Before breaking this down, let’s ask ourselves “What is Data?”. At is simplest, data is a piece of information describing something. It could range from explaining someone’s profile on a web platform to a stream of price fluctuations of your favourite stock. Something has happened and there is a piece of digital information to note it.
What is Data Science?
Data Science is the practice of using mathematics and algorithms to deal with data. By “deal”, we could refer to any of the following:
- Collecting data;
- Storing the data in some structure;
- Cleaning or pre-processing data;
- Editing data;
- Using one or more pieces of data to get an answer to a question.
The entire reason Data Science exists is because of one truth; data alone is not information.
Why is Data Science needed?
Now that we got that truth out of the way, we can move on to the good news.

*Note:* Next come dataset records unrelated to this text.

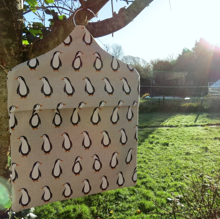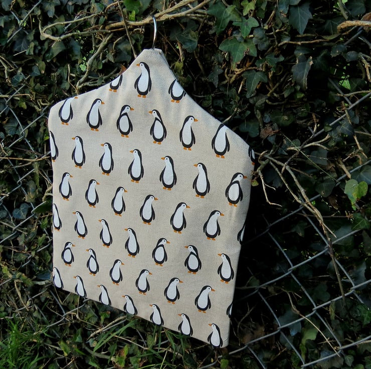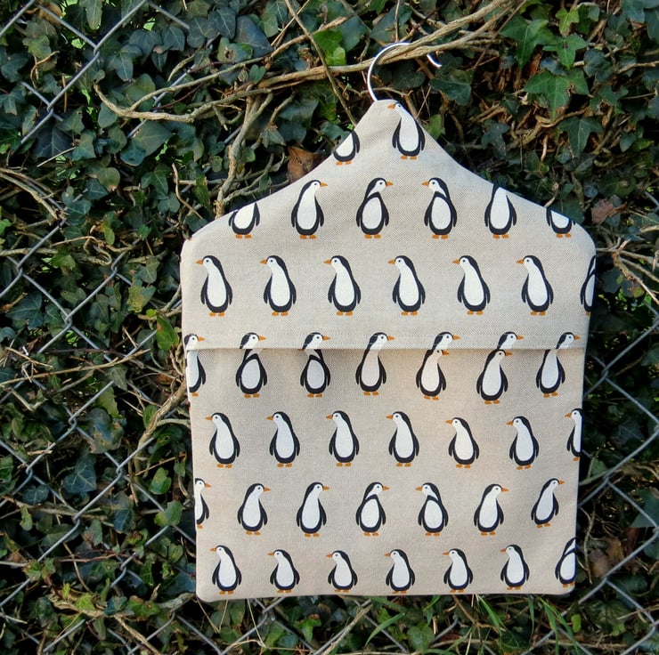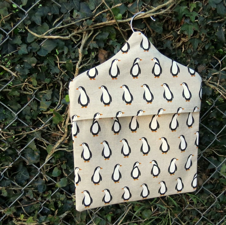 The lining is a beige and white polka dot cotton, and it contains a sturdy wooden coat hanger.
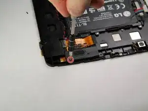 Удалите один винт Phillips #000 длиной 4 мм, фиксирующий динамик.
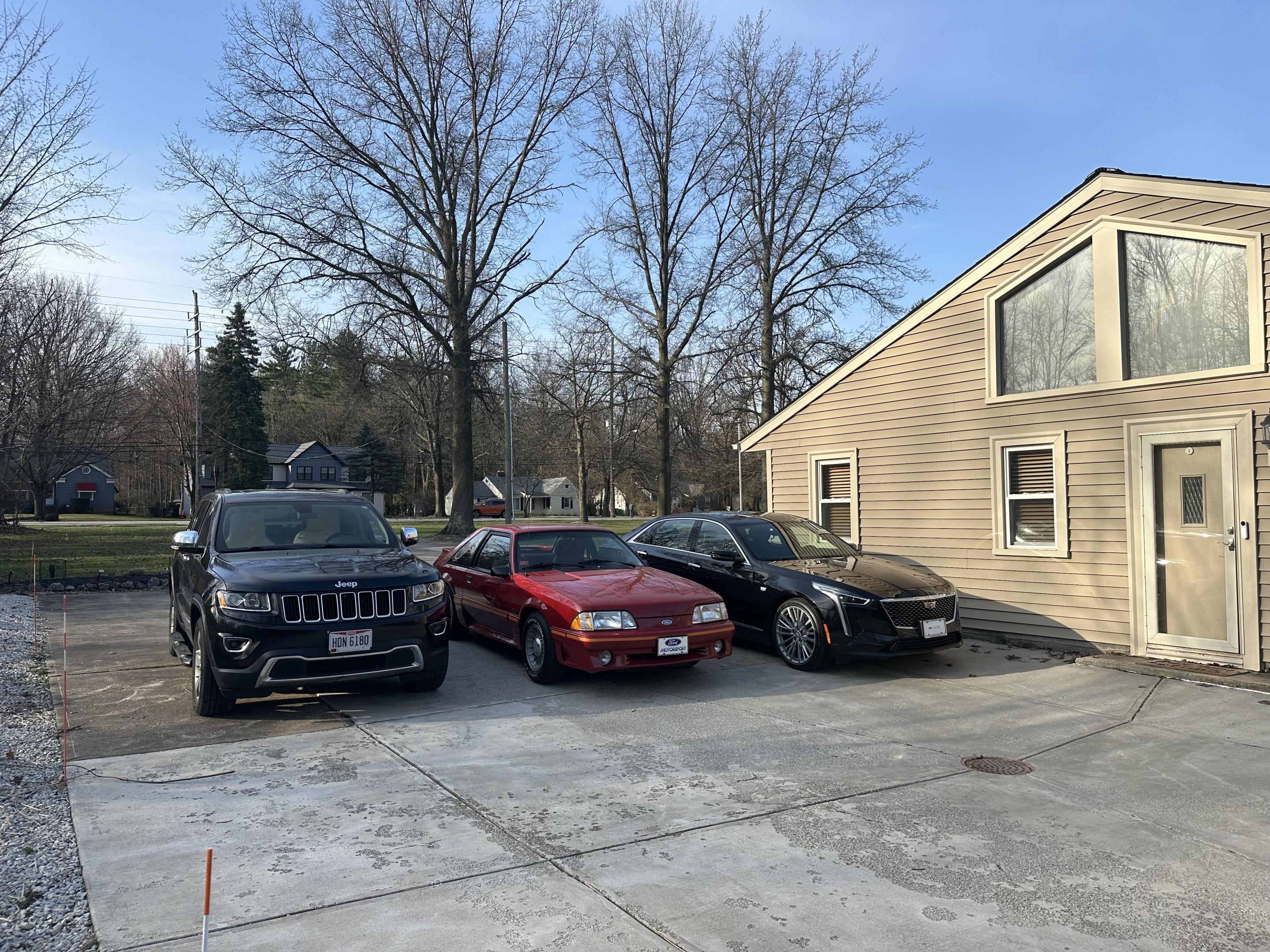Got a pic of my Jeep, Mustang and Caddy together. Hopefully have my other Mustang back on the road this year.
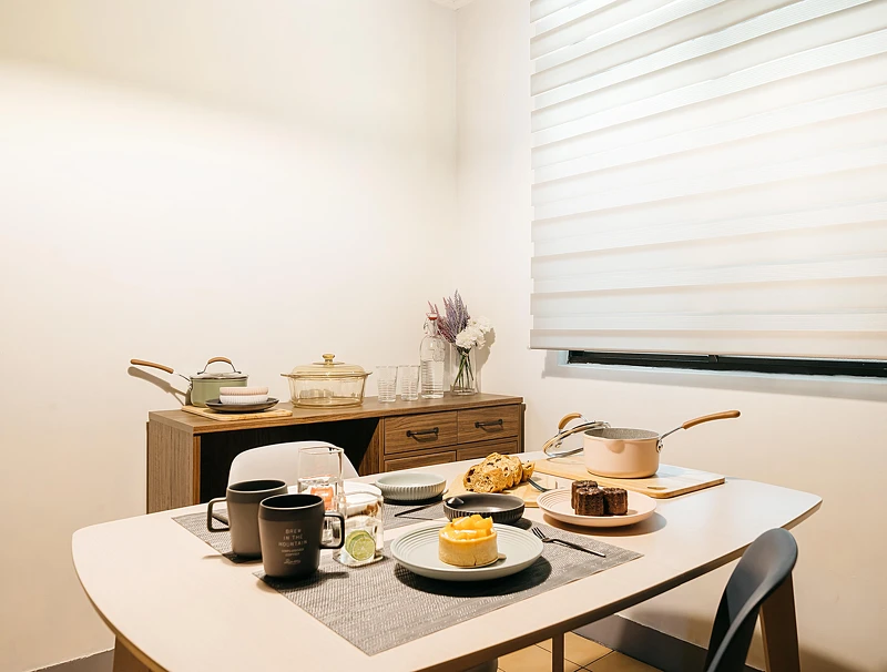 餐廳扮演著一家人溝通情感、撫慰心靈、補充能量的重要使命,可延伸實木餐桌能因應空間與用餐人數調整桌面大小,簡單素雅的外觀設計,無論是在桌面上放置粉嫩色調的鍋具或橡膠木健康料理砧板,都散發著IG上最令人喜愛的歐美質感料理美照風格,讓廚房除了佳餚香氣之外,還同時洋溢著滿滿幸福品味。

Whilst we as humans find it hard to process multiple streams of information to try and manually identify patterns , computers have always been good at this. Even better , computers have become so powerful and ubiquitous that we can get answers rapidly.
I describe the transition from data to information as a chain of events being carried out.
- Observe some data
- Notice something interesting in it
- Ask the right question (which is a data science skill in itself)
- Get the answer to that question
- From that answer, ask a better question or plan an action.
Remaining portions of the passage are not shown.